OPCI. Les défis réglementaires qui restent à relever, selon Ghizlane Mamouni

M.M. | Le 7/1/2021 à 18:49

INTERVIEW. Fondatrice du cabinet d’avocat d’affaires Capstone Law Firm, cette spécialiste du droit boursier a été derrière le montage juridique de plusieurs OPCI au Maroc. Elle nous parle de cette première génération d’OPCI lancée sur le marché et des défis juridiques et réglementaires qui restent à relever pour assurer un développement plus large de cette nouvelle industrie.

Avocate d’affaires, inscrite au barreau de Paris, et ancienne de l’Autorité des marchés financiers en France, Ghizlane Mamouni est rentrée au Maroc en 2012 pour créer son propre cabinet spécialisé dans le droit bancaire et financier, Capstone Law Firm. Elle est spécialisée notamment dans les opérations boursières, l’Asset management, les fonds réglementés, les fonds de titrisation et est à ce titre une des expertes du marché dans le montage juridique d’OPCI.

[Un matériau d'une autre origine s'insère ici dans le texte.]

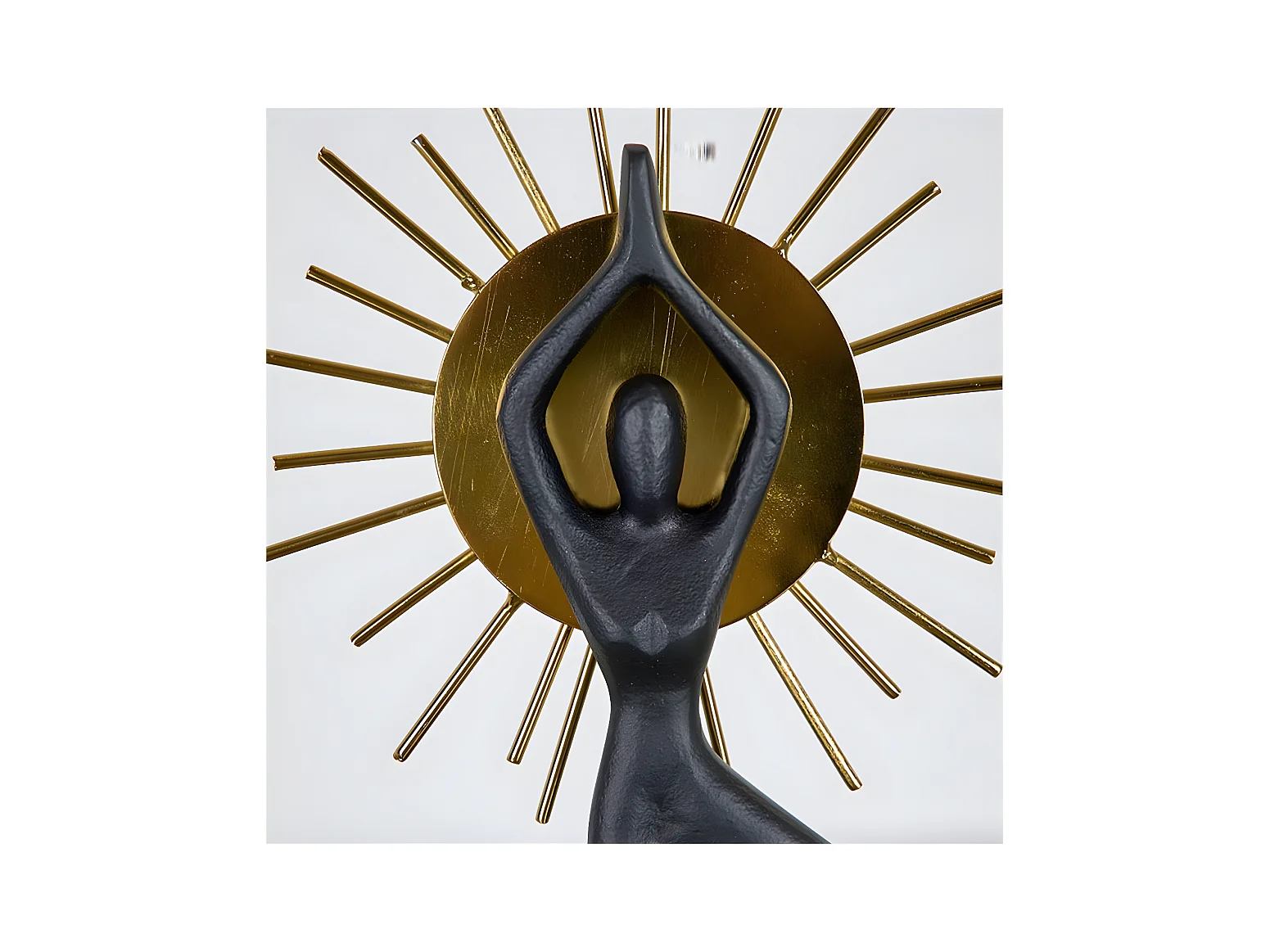 Figura de yoga de diseño sol en metal negro y dorado asana

Elle a accompagné notamment l’IPO d’Aradei Capital et a été partie prenante dans le montage juridique des OPCI lancés récemment par la BCP et la BMCI.

Elle nous parle dans cet entretien de tous les aspects juridiques qui entourent cette nouvelle industrie, la nature des montages qui sont faits, les limites de la réglementation actuelle ainsi que des défis qui restent à relever pour le développement de ces instruments d’investissement qui semblent aujourd’hui fermés à un grand public pourtant très demandeur.

-LeBoursier: Les OPCI ont actuellement le vent en poupe. Mais jusque-là, on n’évoque que le volet financier de ces instruments, alors que leur montage juridique semble aussi être d’une importance cruciale. Que pouvez-vous nous dire sur le volet juridique des OPCI au Maroc et des montages qui se font jusque-là ?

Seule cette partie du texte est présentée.